Diese Forderungen unterstützten die Experten in einer vom NDR-Journalisten Julian Marxen moderierten Runde. Für seinen Appell, in der Gesellschaft mehr Haltung pro Landesverteidigung zu zeigen, erhielt Oberst Michael Skamel, Kommandeur des Landeskommandos Schleswig-Holstein, großen Applaus der rund 300 Gäste im Atlantic Grand Hotel Travemünde. Das gelte auch für die zivile Verteidigung: „Alle sind aufgefordert, Haltung zu zeigen, dass wir bereit sind, für unsere Gesellschaft und unser System einzustehen.“ Eine Grundlage dafür sei allerdings, dass Bund und Land die Verantwortungsbereiche von Bundeswehr, Bundespolizei, Landespolizei und allen weiteren Behörden sowie Institutionen klar festlegen und gegebenenfalls erweitern, forderte Heinz Maurus, Präsident des Deutschen Marinebund e.V. und Staatssekretär a.D.
Wie groß die Veränderungen sind, verdeutlichte der Präsident der Bundespolizeidirektion Bad Bramstedt, Normen Großmann. Bis vor kurzem sei der Alltag der Bundespolizei See von Umweltverstößen geprägt gewesen. Jetzt seien die russische Schattenflotte und Sabotage unter Wasser bestimmend. „Mit dem bisherigen Konzept bewältigen wir die Aufgaben nicht mehr“, sagte er. Allerdings sei die Zusammenarbeit mit der Deutsche Marine und der Wasserschutzpolizei gut. Zudem plane der Bund eine Verstärkung der Direktion mit Personal und Material. Auch Jan Lindenau, Bürgermeister der Hansestadt Lübeck, forderte eine klare Regelung der Verantwortlichkeiten für Krisen. Die Stadt habe eine Task Force gebildet, um sich auf mögliche Szenarien vorzubereiten und jederzeit handlungsfähig zu sein – von der Kommunikation mit der Bevölkerung über einen Blackout bei der Stromversorgung bis zum Verhalten bei Drohnen-Überflügen. Wichtig sei, dass alle Bürger Warn-Apps auf dem Handy haben, um sich jederzeit informieren zu können.

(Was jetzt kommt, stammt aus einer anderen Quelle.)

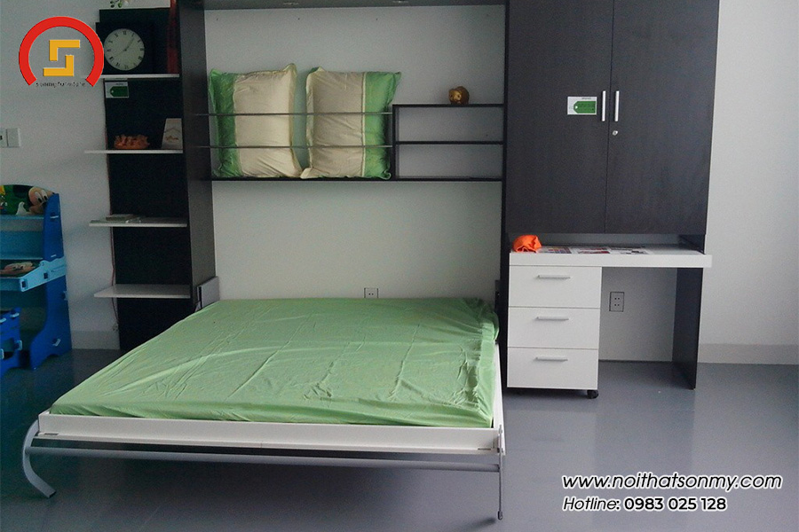 Với việc sử dụng giường gấp, bạn hoàn toàn có thể kê các vật dụng khác như: bàn làm việc lớn, ghế xoay… Khi chiếc giường biến mất, phòng làm việc sẽ gọn gàng và rộng rãi hơn rất nhiều.
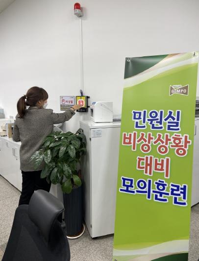 이번 훈련은 방문 민원인, 민원 담당 공무원, 김포경찰서 등 20여명이 참여하여 민원인 폭언·폭행 발생을 가정한 시나리오에 맞춰 진행했다.

Der Passat-Dialog ist eine Veranstaltungsreihe, die sich auf Themen wie Frieden, Sicherheit und Handel im Ostseeraums konzentriert. Die Hansestadt Lübeck, der finnische Honorarkonsul in Lübeck, die Stiftung Neue Musik-Impulse und das Portal Watersports Lübecker Bucht organisiert das Format gemeinsam.